### Aim of the exercise
Set down every line of the data exactly, skipping the pictures.

### Collected material
★ ★ ★ ★

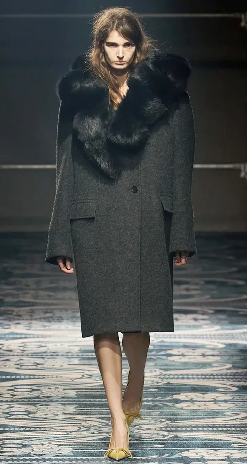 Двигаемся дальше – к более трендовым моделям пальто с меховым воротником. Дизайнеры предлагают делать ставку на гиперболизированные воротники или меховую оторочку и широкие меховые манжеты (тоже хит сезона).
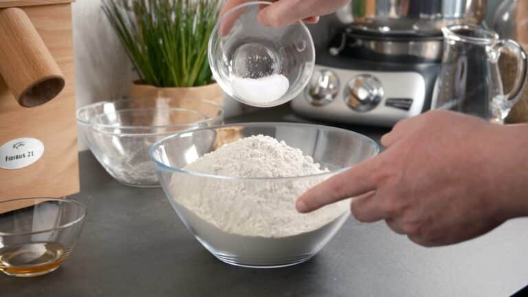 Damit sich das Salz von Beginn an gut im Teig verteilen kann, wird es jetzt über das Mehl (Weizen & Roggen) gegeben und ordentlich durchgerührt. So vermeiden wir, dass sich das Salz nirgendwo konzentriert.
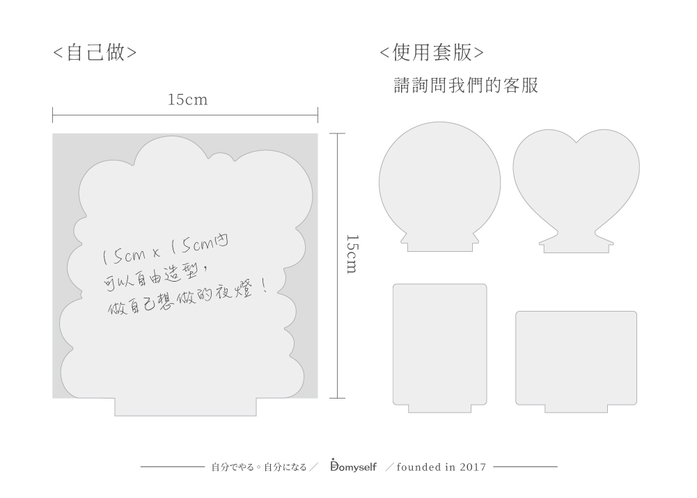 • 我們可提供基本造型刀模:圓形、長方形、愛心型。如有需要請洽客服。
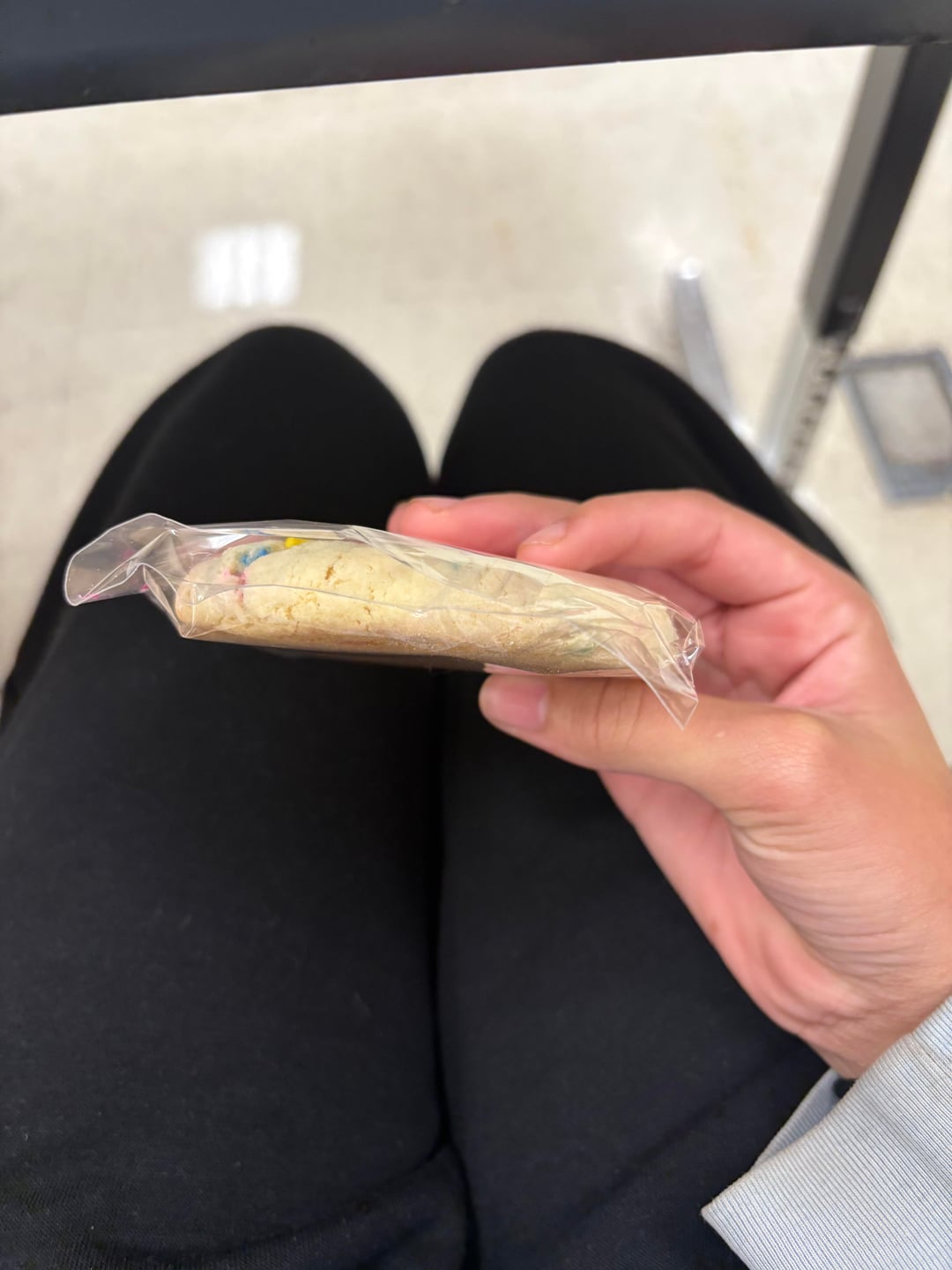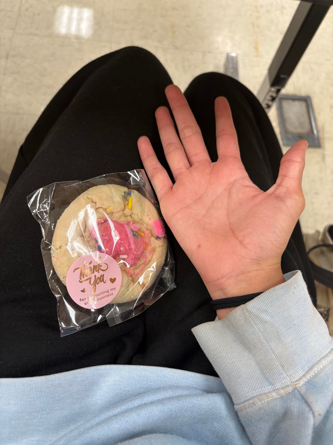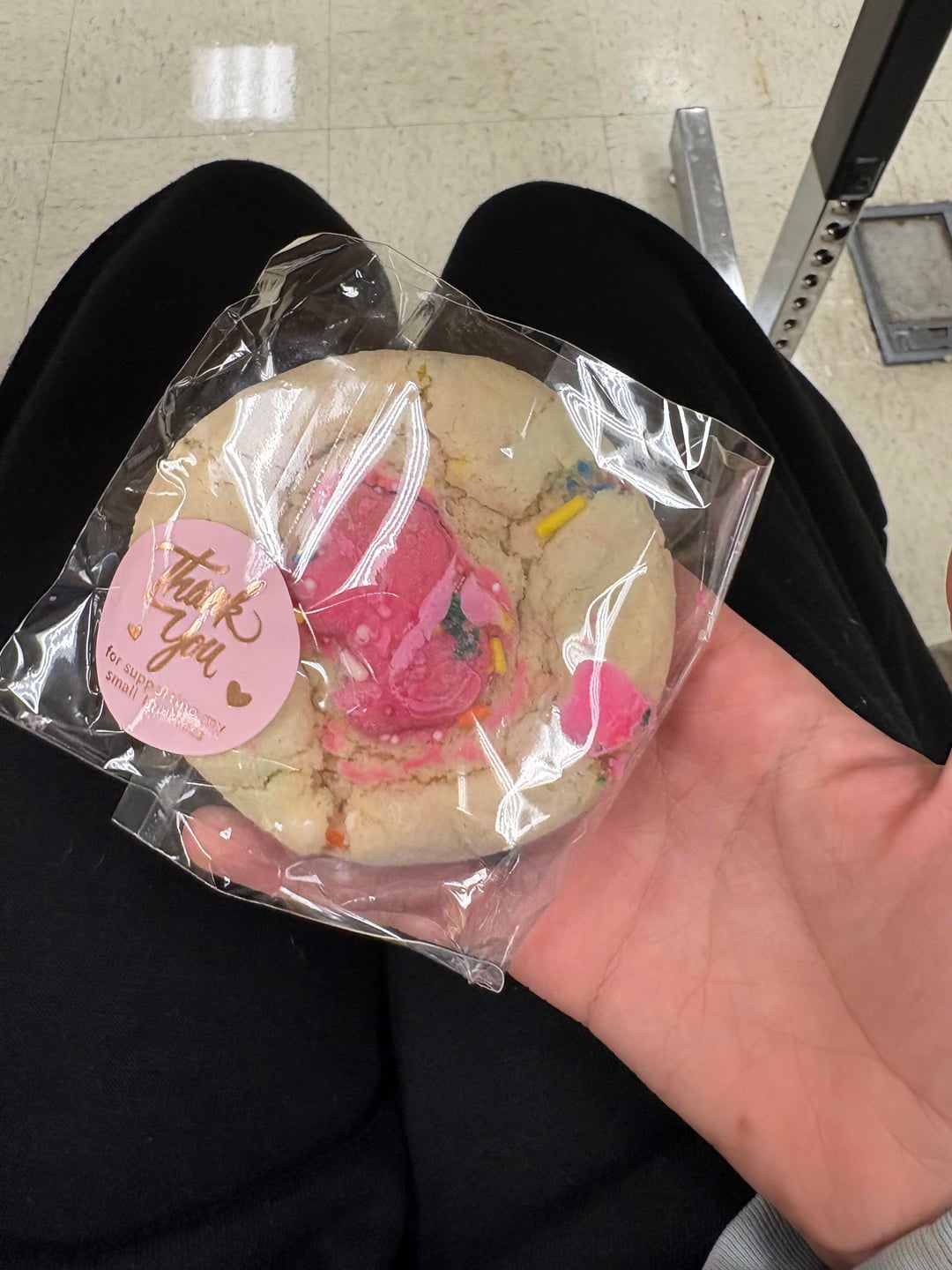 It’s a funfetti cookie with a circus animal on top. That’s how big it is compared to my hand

★ ★ ★ ★

### Exercise solution
 Двигаемся дальше – к более трендовым моделям пальто с меховым воротником. Дизайнеры предлагают делать ставку на гиперболизированные воротники или меховую оторочку и широкие меховые манжеты (тоже хит сезона).
 Damit sich das Salz von Beginn an gut im Teig verteilen kann, wird es jetzt über das Mehl (Weizen & Roggen) gegeben und ordentlich durchgerührt. So vermeiden wir, dass sich das Salz nirgendwo konzentriert.
 • 我們可提供基本造型刀模:圓形、長方形、愛心型。如有需要請洽客服。
 It’s a funfetti cookie with a circus animal on top. That’s how big it is compared to my hand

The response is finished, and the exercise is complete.